Other than the comfort side of the Sorento, it is also a pretty good performer in a straight line.
At one time, driving a Kia was almost a last resort that often resulted in unsatisfactory or just-barely-good-enough driving pleasure, but that is not the case with the Sorento SXL. The cabin is super-quiet, the cow hide is soft and supple, the ventilated seats keep your back from getting all sorts of sweaty, and the ride is far above what you would expect from a Kia SUV. Is it absolutely perfect? No, not at all. Is it great for the price? No doubt about it, yes.
Other than the comfort side of the Sorento, it is also a pretty good performer in a straight line. Thanks to the AWD system and a decent-shifting transmission when you row your own via the Sportmatic feature, the Sorento hits 60 mph in about 7.5 seconds. This makes it slightly faster than the Dodge Journey and Ford Edge Sport, but slower than true luxury SUVs, like the base X3 and Acura RDX.
The Kia Sorento isn’t all roses and rainbows though, as its top-heavy nature and soft ride made it testy in turns.

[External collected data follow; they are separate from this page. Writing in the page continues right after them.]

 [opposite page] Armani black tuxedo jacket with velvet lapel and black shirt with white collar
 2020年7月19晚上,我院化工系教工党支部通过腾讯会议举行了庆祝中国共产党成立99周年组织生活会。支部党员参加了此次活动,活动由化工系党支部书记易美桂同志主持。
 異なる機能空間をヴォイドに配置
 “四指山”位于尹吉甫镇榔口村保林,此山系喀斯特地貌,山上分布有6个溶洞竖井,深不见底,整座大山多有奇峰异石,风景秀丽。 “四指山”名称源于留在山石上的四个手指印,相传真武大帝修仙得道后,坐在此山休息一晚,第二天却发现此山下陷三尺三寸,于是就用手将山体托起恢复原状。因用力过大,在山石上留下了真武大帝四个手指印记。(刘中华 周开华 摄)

It wasn’t overly scary, but it wasn’t anything that you’d want to push hard on a windy road.
All that dead cow hide, the comfy seating position and all the premium features were quick in making you forget about the uninspiring handling of the Sorento SXL though.
If you were to jump onto Kia’s website, you may be baffled by the fact that the site doesn’t list an SXL model. For some reason, the SXL is called simply "Limited" on the site. Technically, this trim level is the SX-Limited, but I’ll spare you the confusion...

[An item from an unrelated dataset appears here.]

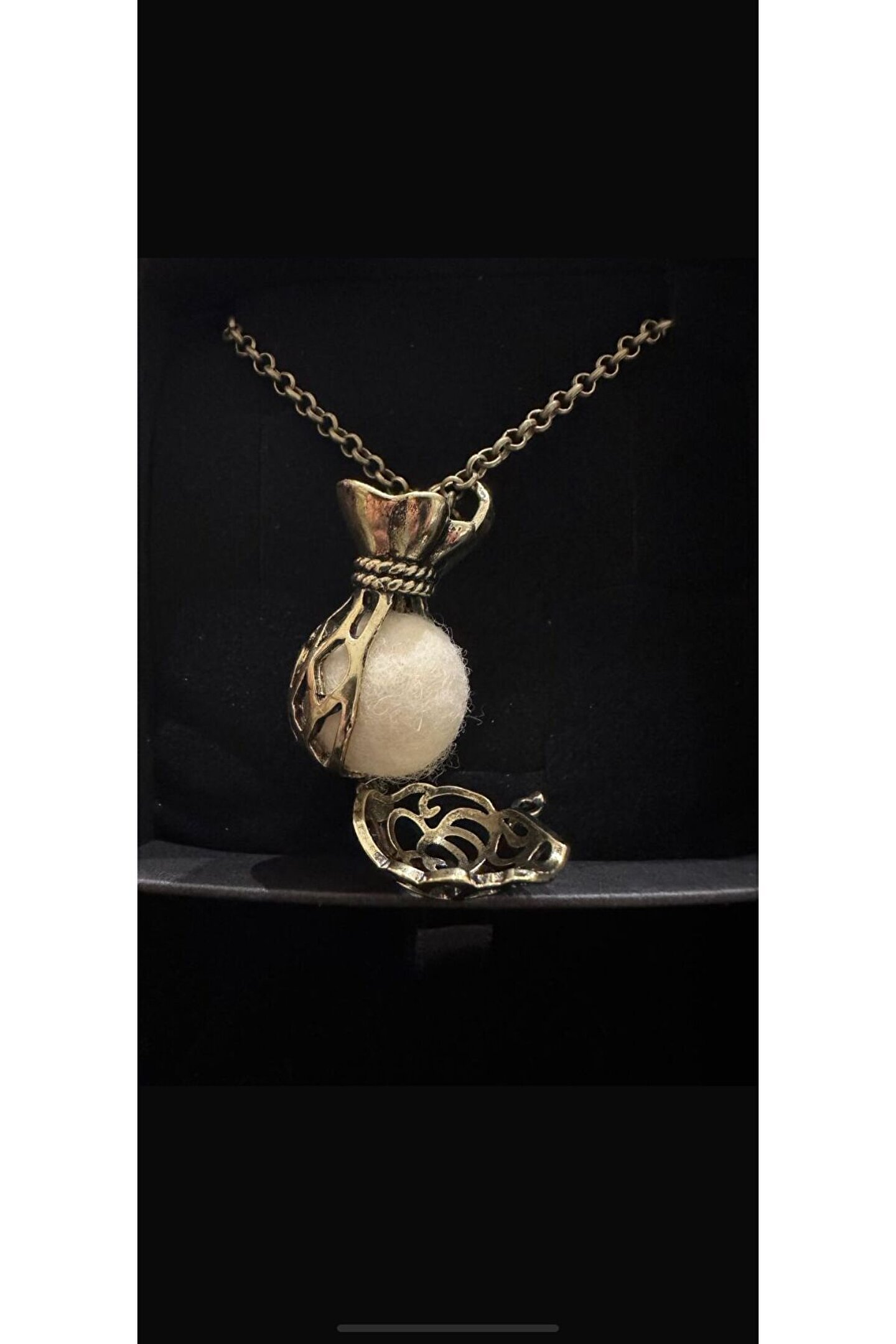 Aromaterapi kolyesi uçucu yağ parfüm diffüzör kolye Aromaterapi kolyeleri çok eski çağlardan bu yana süs eşyası ve çeşitli amaçlar için kullanılmış olan özel takılardır.; Bir süs eşyasının zenginlik ve zerafeti ile ,içinde bulundurulan doğanın gücü bitkilerin saf uçucu yağlarının yüzyıllardır kullanılan Etkilerini bir araya getirir.; Üzerinizde taşıyacağınız aromaterapi kolyelerinin her Biri bir anlam taşıyan zarif tasarımlardan oluşmaktadır.; Içindeki keçe topa damlatacağınız aromaterapi yağları ise sizler için özel olarak hazırlanmış olup, doğanın büyülü gücünü gün boyunca yanınızda hissetmenizi sağlayacaktır.; Dilerseniz kullandığınız parfümü de kolyeniz içinde gün boyu değişmeden ısı ve nemden etkilenmeden ve giysilerinize temas etmeden kullanabilirsiniz.; Sizlere beğeneceğinizi umduğumuz bir konsantre parfüm de hediye olarak gönderiyoruz.; Lavanta yağı 2ml : Lavandula angustifolia bitkisinin çiçeklerinden distilasyon yoluyla elde edilmiş %100 doğal uçucu yağdır.; Aromaterapide rahatlatıcı, kaygı ve gerginlik azaltıcı, ağrı azaltıcı, uyku kalitesini artırıcı, ve doğal böcek savar özellikleri nedeniyle kullanılmaktadır.; Duygusal ve fiziksel iyilik hali için destekleyici özelliktedir.; Kesinlikle tıbbi tedavi yerine geçmez.; Gebe ve çocuklarda kullanımı için mutlaka hekiminize danışmanız önerilir.
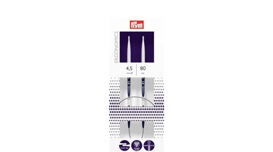 Könnyebbé, kényelmesebbé teszi a kötést. A körkötőtű szintetikus anyagból készült, hajlítható. Ez az anyag biztosítja a csendes kötést is, így nincsenek zörgő zajok. A csepp alakú pont segítségével a prym ergonomikus kötőtűk jól illeszkedik a kezdők kezében, mert a menetvezetés sokkal könnyebb, és a fonal nem csúszik le olyan gyorsan. A tűk alakjának megváltoztatása miatt, az öltések könnyen felszedhető a tűtesten. A kör alakú kötőtű stabil, nagyon finom acélzsinórját kiváló minőségű szintetikus anyag borítja. Itt nincs spirálhatás, a zsinór nem gubancolódik össze. A kiválasztott fonal vastagságához válasszon megfelelő méretű kötőtűt.

In its base setup, the Sorento’s entrance fee is fairly low at $24,100, but things quickly jump up as you wade your way through the options. Picking the exact model I tested will relieve you of $42,595 (including the $895 delivery fee). That price is rather high for a Kia SUV, but that also loads you up with all the premium features you expect out of a true luxury SUV for a bargain price. A fully loaded Dodge Journey R/T is about $10k cheaper, but you’re missing the full-length sunroof, the premium Napa leather, ventilated seats, rear A/C and the Infinity sound system. You can even squeeze into a base BMW X3 xDrive28i for about $2k less, but you’re getting fake leather, five-person seating, no sunroof and a standard audio system — don’t get me wrong, I am not saying the Kia trumps a Bimmer, just giving a comparison...

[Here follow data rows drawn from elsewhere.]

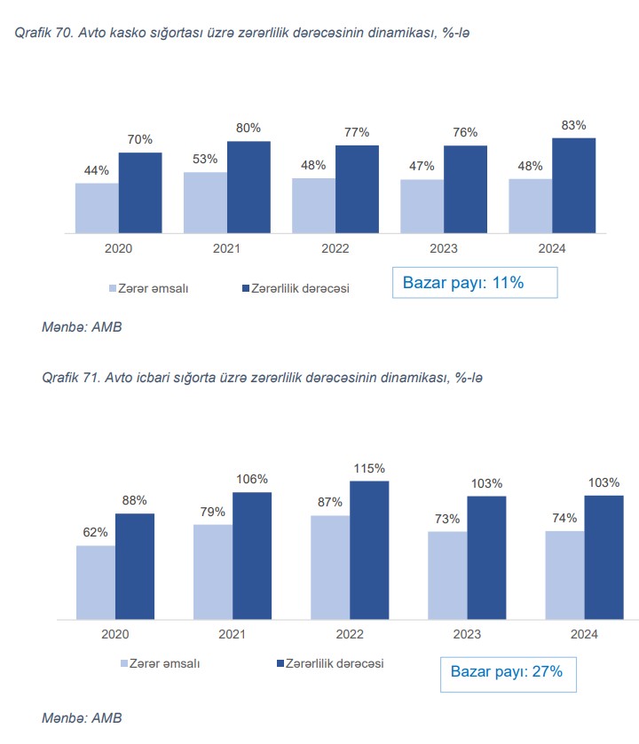 Bazar payı yüksək olan sığorta sinifləri üzrə zərərlilik dərəcəsi yüksəkdir. 2023- cü ilin sonu ilə müqayisədə 2024-cü ilin sonuna avtonəqliyyat vasitəsi sahiblərinin mülki məsuliyyətinin icbari sığortası növü üzrə zərər əmsalı 1 faiz bəndi artsa da, zərərlilik dərəcəsi artmayaraq 103% olmuşdur.
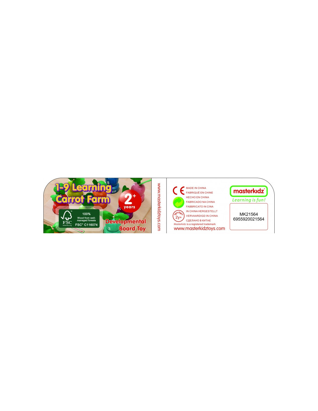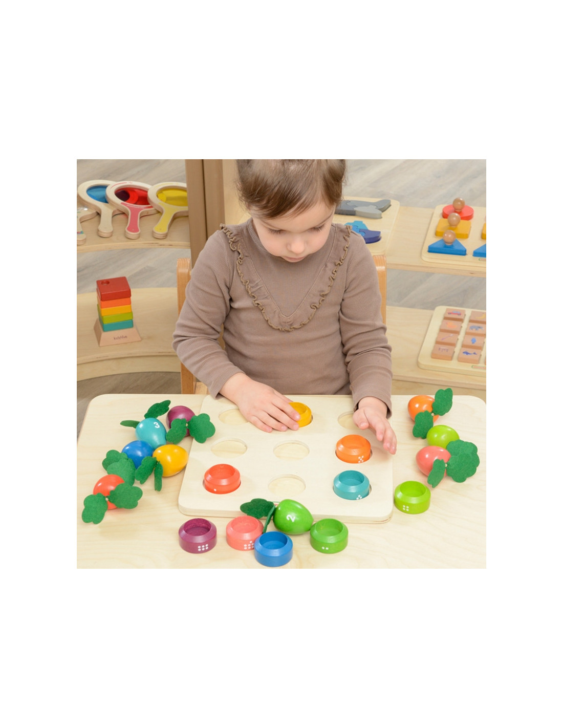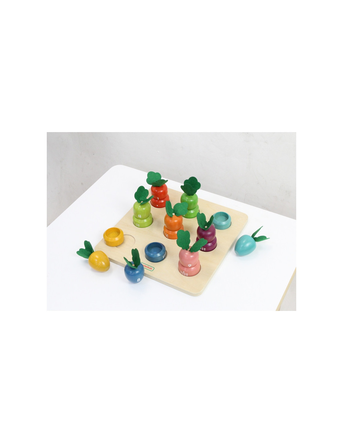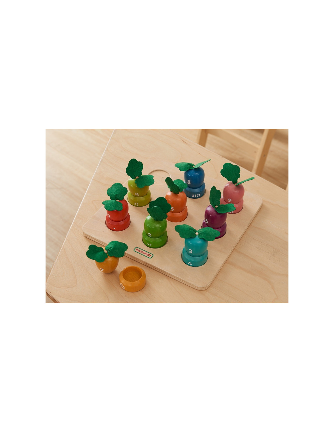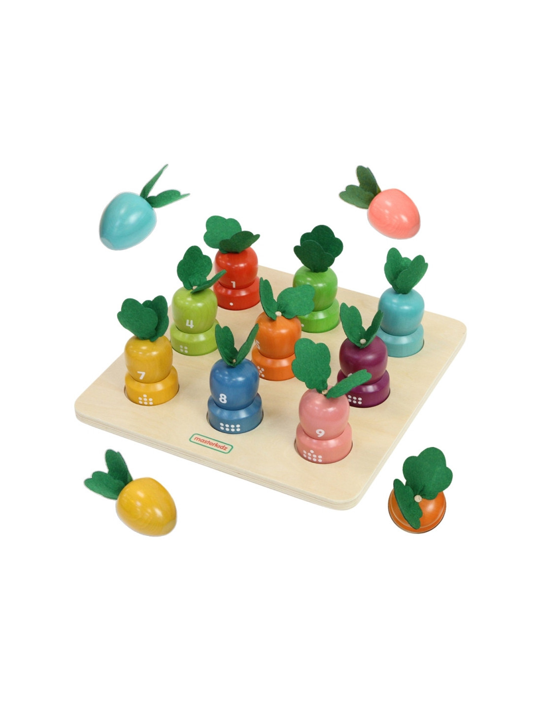 Medinė lenta skaičiams ir spalvoms mokytis iš MASTERKIDZ prekės ženklo. Sukurta padėti vaikams lavinti pojūčius , vaikai turi parinkti tinkamą daržovę pagal taškelių skaičių ir spalvą . Lenta taip pat lavina smulkiąją motoriką .
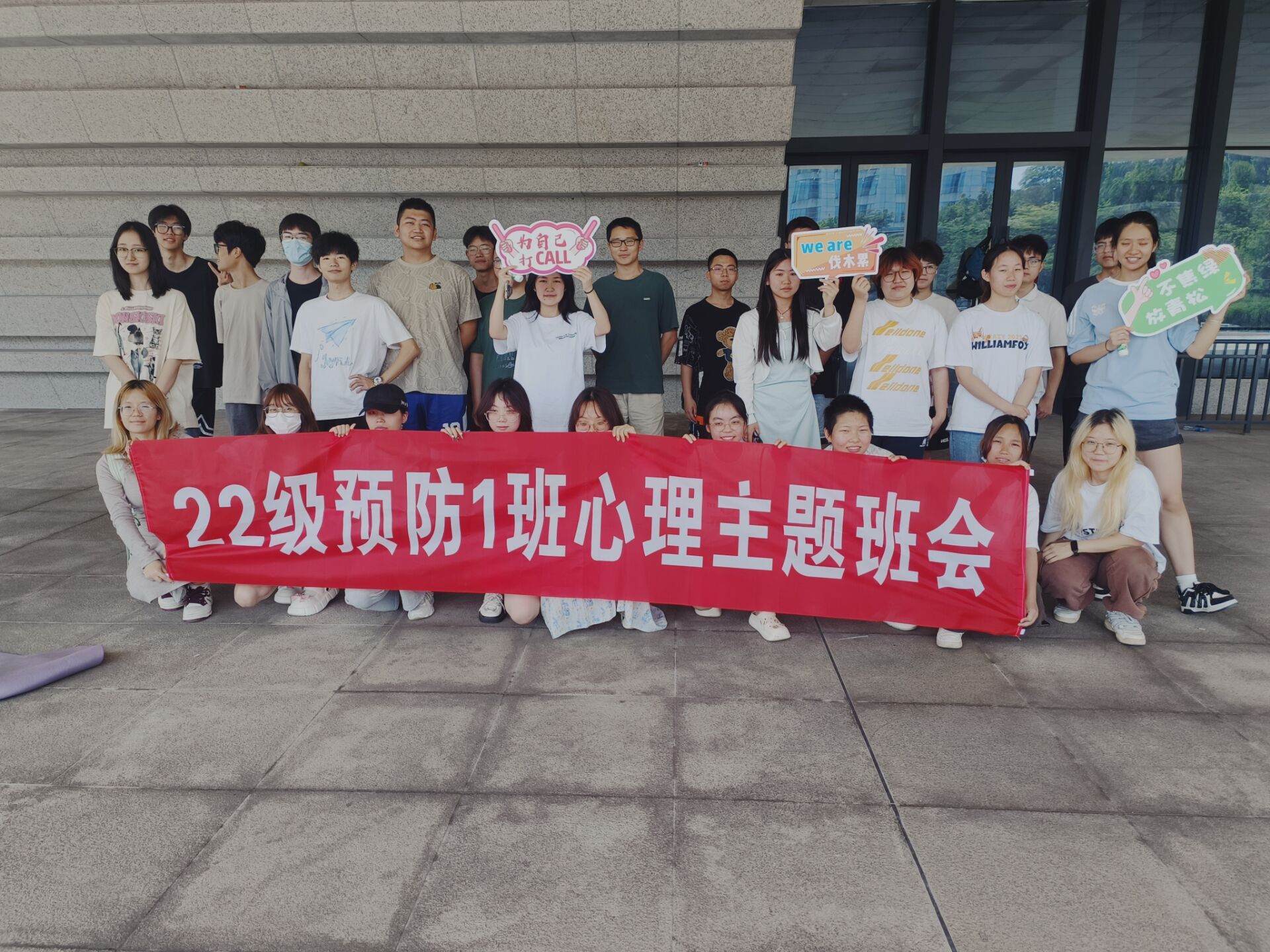 为响应“5·25”心理健康节活动,引导学生正确认识心理健康,掌握调节心理的方式方法, 学会维护身心健康,我院2022级预防医学1班于4月28日上午在青年广场举办了“强身润心,启智赋能”心理主题班会。

The Kia Sorento SXL kind of sits in an awkward spot between the Chevys and Ford of the world and premium models from Acura, Lexus and BMW . To keep things fair, let’s keep the competitors to those in the lower end of the spectrum, like the Equinox. Fully loaded, the Equinox LTZ checks in at $37,365, which is about $5k cheaper than the Kia. Though it is cheaper, the Chevy lacks the premium feel and look of the Sorento, plus it only seats five, doesn’t have ventilated seats and lacks a true premium sound system. Additionally, the Equinox is rather boring to look at.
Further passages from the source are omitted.